Correlation Between Plastic Omnium and International Business
Can any of the company-specific risk be diversified away by investing in both Plastic Omnium and International Business at the same time? Although using a correlation coefficient on its own may not help to predict future stock returns, this module helps to understand the diversifiable risk of combining Plastic Omnium and International Business into the same portfolio, which is an essential part of the fundamental portfolio management process.
By analyzing existing cross correlation between Plastic Omnium and International Business Machines, you can compare the effects of market volatilities on Plastic Omnium and International Business and check how they will diversify away market risk if combined in the same portfolio for a given time horizon. You can also utilize pair trading strategies of matching a long position in Plastic Omnium with a short position of International Business. Check out your portfolio center. Please also check ongoing floating volatility patterns of Plastic Omnium and International Business.
Diversification Opportunities for Plastic Omnium and International Business
0.36 | Correlation Coefficient |
Weak diversification
The 3 months correlation between Plastic and International is 0.36. Overlapping area represents the amount of risk that can be diversified away by holding Plastic Omnium and International Business Machine in the same portfolio, assuming nothing else is changed. The correlation between historical prices or returns on International Business and Plastic Omnium is a relative statistical measure of the degree to which these equity instruments tend to move together. The correlation coefficient measures the extent to which returns on Plastic Omnium are associated (or correlated) with International Business. Values of the correlation coefficient range from -1 to +1, where. The correlation of zero (0) is possible when the price movement of International Business has no effect on the direction of Plastic Omnium i.e., Plastic Omnium and International Business go up and down completely randomly.
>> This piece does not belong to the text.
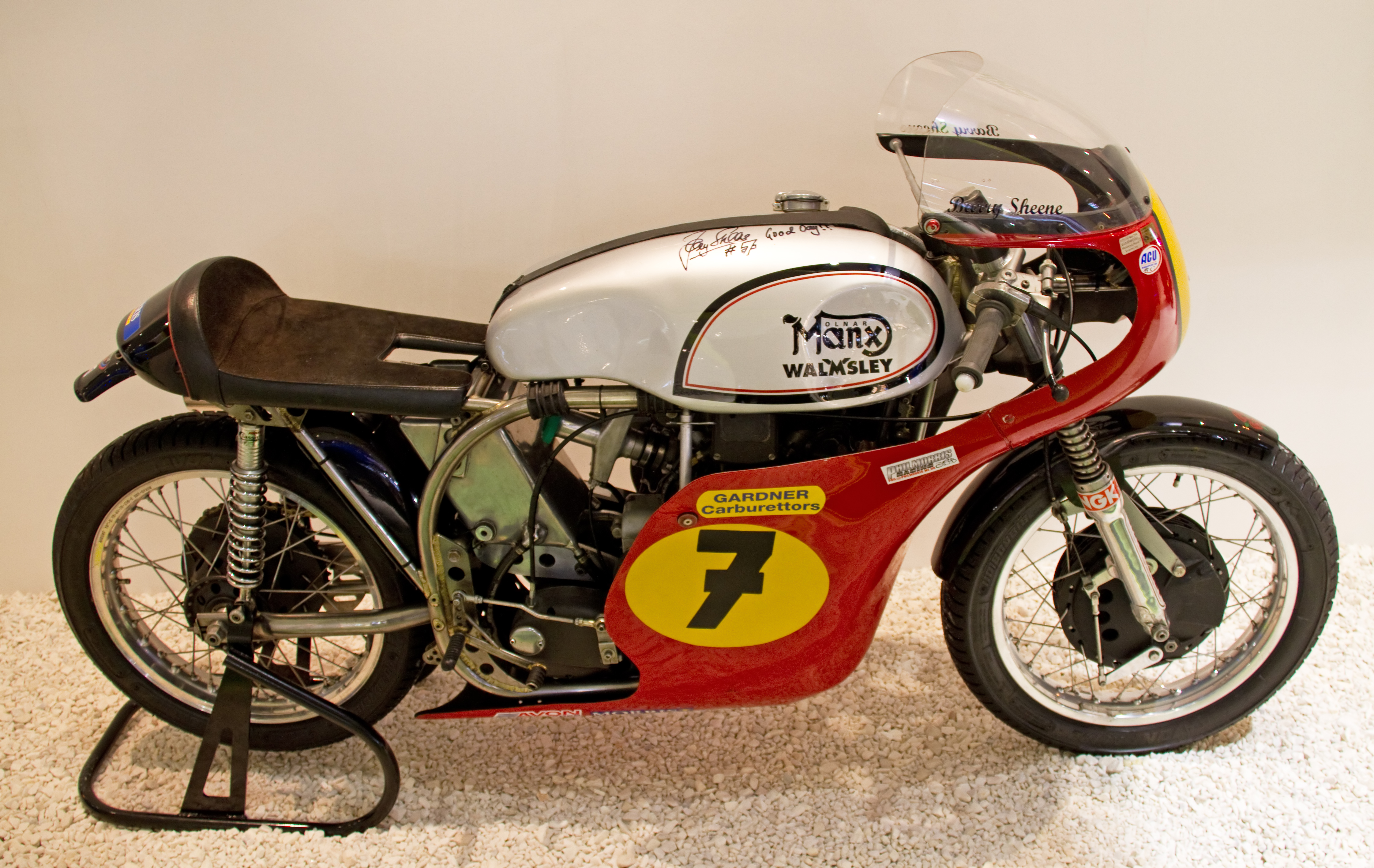 Barry Sheene Molnar Manx Norton 2

Pair Corralation between Plastic Omnium and International Business
Assuming the 90 days trading horizon Plastic Omnium is expected to generate 1.93 times more return on investment than International Business. However, Plastic Omnium is 1.93 times more volatile than International Business Machines. It trades about 0.1 of its potential returns per unit of risk. International Business Machines is currently generating about 0.06 per unit of risk. If you would invest 929.00 in Plastic Omnium on October 24, 2024 and sell it today you would earn a total of 144.00 from holding Plastic Omnium or generate 15.5% return on investment over 90 days.
Time Period | 3 Months [change] |
Direction | Moves Together |
Strength | Very Weak |
Accuracy | 98.33% |
Values | Daily Returns |
Plastic Omnium vs. International Business Machine
Performance |
Timeline |
Plastic Omnium |
International Business |
Plastic Omnium and International Business Volatility Contrast
Predicted Return Density |
Returns |
Pair Trading with Plastic Omnium and International Business
The main advantage of trading using opposite Plastic Omnium and International Business positions is that it hedges away some unsystematic risk. Because of two separate transactions, even if Plastic Omnium position performs unexpectedly, International Business can make up some of the losses. Pair trading also minimizes risk from directional movements in the market. For example, if an entire industry or sector drops because of unexpected headlines, the short position in International Business will offset losses from the drop in International Business' long position.Plastic Omnium vs. SILICON LABORATOR | Plastic Omnium vs. DICKS Sporting Goods | Plastic Omnium vs. PARKEN Sport Entertainment | Plastic Omnium vs. AIR PRODCHEMICALS |
International Business vs. TRI CHEMICAL LABORATINC | International Business vs. KINGBOARD CHEMICAL | International Business vs. GameStop Corp | International Business vs. GAMESTOP |
Check out your portfolio center.Note that this page's information should be used as a complementary analysis to find the right mix of equity instruments to add to your existing portfolios or create a brand new portfolio. You can also try the Technical Analysis module to check basic technical indicators and analysis based on most latest market data.